Keywords: Hepatitis B, Hepatitis C, Health Knowledge, Attitudes, Practices, Iran
Introduction
Infection with hepatitis B virus (HBV) and hepatitis C virus (HCV) is a problem of worldwide significance [1]. While hepatitis B is vaccine-preventable [2], HCV infection has no effective vaccine [3]. According to a World Health Organization (WHO) estimate, two billion people in the world have serological evidence of prior HBV infection [4], and up to 3% (170 million) are infected with HCV [5]. HBV and HCV can lead to cirrhosis and hepatocellular carcinoma [6]. HCV is a leading cause of end-stage liver disease and the most common indication for liver transplantation [2]. Although HCV has been less prevalent since the 1990s in the western world, it is still endemic in some African and Asian countries [6].
Of the world’s carriers of HBV, 75% are from Asia [2], and Iran represents a low-to- moderate category [7]. Our recent systematic reviews in Iran between 2001 and 2007 found a prevalence of HBV and HCV of 2.14% and 0.16%, respectively [7][8]. Iranian studies show that 1.3 to 8.69% of the population are chronic HBV carriers [9]. The epidemiology of infection is also changing from a vertical to a horizontal route [10]. HBV prevalence has decreased dramatically in Iran, and it is classified as of low endemicity now. This may be due to an improvement of people’s knowledge of HBV risk factors, the national vaccination program, since 1993, for all neonates, and the vaccination of high-risk groups [10]. Coverage reached 94% by 2005 [10]. Although there is no mandatory HBV vaccination for health care workers (HCWs) in Iran, it is mandatory for neonates and adolescents.
HBV and HCV have common routes of transmission, such as occupational exposure among HCWs, unprotected sexual contact, vertical transmission, intravenous drug use [11][12] or through blood products and contamination during medical procedures [2].
The prevalence of hepatitis C is remarkable in high-risk groups such as thalassemics [13], intravenous drug users [2], and chronic hemodialysis patients [11].
For the most part, surgeons in the United States (1998) seldom reported needlestick injuries and rarely used double gloves [14]. Another study indicated that 4% and 61% of HCWs, respectively, were unaware that HBV and HCV can be transmitted by needlestick injuries [15].
Iranian midwifery students and graduates [16] and surgeons [17] had an undesirable level of knowledge of HBV [16]. However, dentists were found to have a good knowledge of HBV [18].
It is notable that some other studies in Iran had evaluated knowledge or behavior of groups other than HCWs, or physicians, in dealing with HBV [19][20]. Few studies have investigated hepatitis C specifically in Iran. Despite the decrease in HBV prevalence in our country, there has been no decrease in hepatitis C [2].
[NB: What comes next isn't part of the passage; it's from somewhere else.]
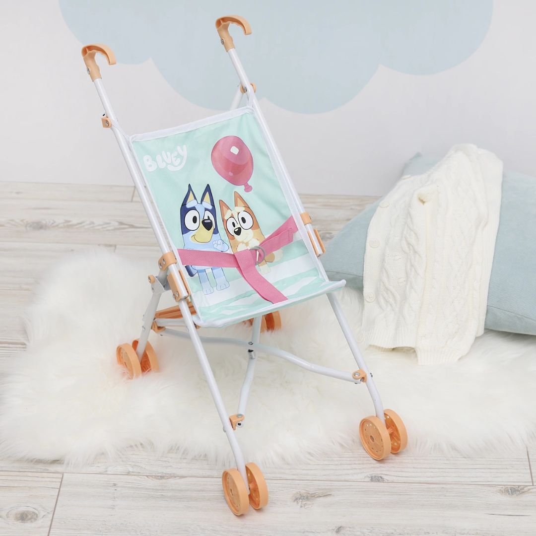 Blueys sulky är den perfekta dockvagnen för små äventyr på resande fot! Den är hopfällbar och har avtagbar klädsel, vilket gör den smidig att ta med överallt. Med det lilla säkerhetsbältet kan dockan spännas fast säkert, så att ni kan gå på promenader tillsammans utomhus. Sulkyen är designad för dockor upp till 45 cm och är ett roligt tillbehör för alla Bluey-fans där ute! Bluey är en oemotståndlig Blue Heeler-valp som älskar att leka och förvandlar vardagen till spännande äventyr. Med sin hjärta, humor och igenkännbara familjeliv har Bluey charmat barn i alla åldrar och blivit en älskad karaktär världen över.
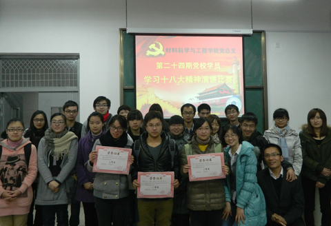 为配合学校“学习十八大精神宣讲”活动,更深入地引导广大师生切实领会党的十八大精神,材料学院党总支于12月19日晚上在第三学科楼A323举办了党校学员学习十八大精神演讲比赛。党总支书记李建民、辅导员及学院入党积极分子出席。

It has been demonstrated that patient medical histories are unreliable in identifying exposure to HBV infection [17]. The needlestick injuries are a personal, legal and professional hazard to HCWs, physicians and their patients [21]. As hepatitis B and C can lead to much morbidity and mortality, and physicians and other medical specialists are a high-risk group for acquiring HBV and HCV infection and for transmission to their patients and close contacts, it makes sense to evaluate physicians’ knowledge, attitudes and practice not only towards HBV transmission and protection, but also towards HCV, to which little attention has yet been paid.
Materials and Methods
Questionnaire
We designed a 29-item self-administered questionnaire assessing risk of transmission; seroconversion rates; the actual prevalence of HBV and HCV in Iran; vaccination against HBV; use of double gloves, and protective eyewear; rate of needlestick injury and its report; checking the status of viral hepatitis; using disposable syringes and discarding them; and post-exposure prophylaxis. It consisted of use of the likert scale; yes/no and a few open-ended questions, in addition to some demographics (age, gender, specialty, work time per week). For validating the questionnaire, some physicians, expert in standardizing questionnaires, confirmed the face and content validity of the primary questionnaire, and some questions were omitted according to their comments. According to our pilot study on 60 randomly selected physicians, the reliability coefficient of the questionnaire was 0.7, using Cronbach’s alpha. The reliability coefficients of each of the three parts of the questionnaire for knowledge, attitude and practice issues were 0.65, 0.75, and 0.67. The Ethical Committee of Baqyitallah Research Center for Gastroenterology and Liver Disease, Tehran, Iran approved the proposal.
Samples
We distributed questionnaires among participants in two viral hepatitis congresses in advance, in Tehran (capital of Iran, a national congress) and in Zanjan (in western Iran, a regional congress) and also among physicians of two university hospitals in Ahvaz (in southern Iran). Participants retuned 370 (82%) of the 450 distributed questionnaires. We excluded one questionnaire due to its missing more than 50% of the data. Considering our previous paper about a Knowledge, attitudes and practice (KAP) survey concerning bloodborne diseases in surgeons [17], we estimated that the average percentage of physicians with a sufficient score for all knowledge, attitudes and practices was about 19%. We used a rate-estimation formula for calculating sample size, while we assumed the precision of this ratio to be 0.04% and type-one error equal to 0.05. Considering a response rate of almost 80%, the total sample size was calculated as 450.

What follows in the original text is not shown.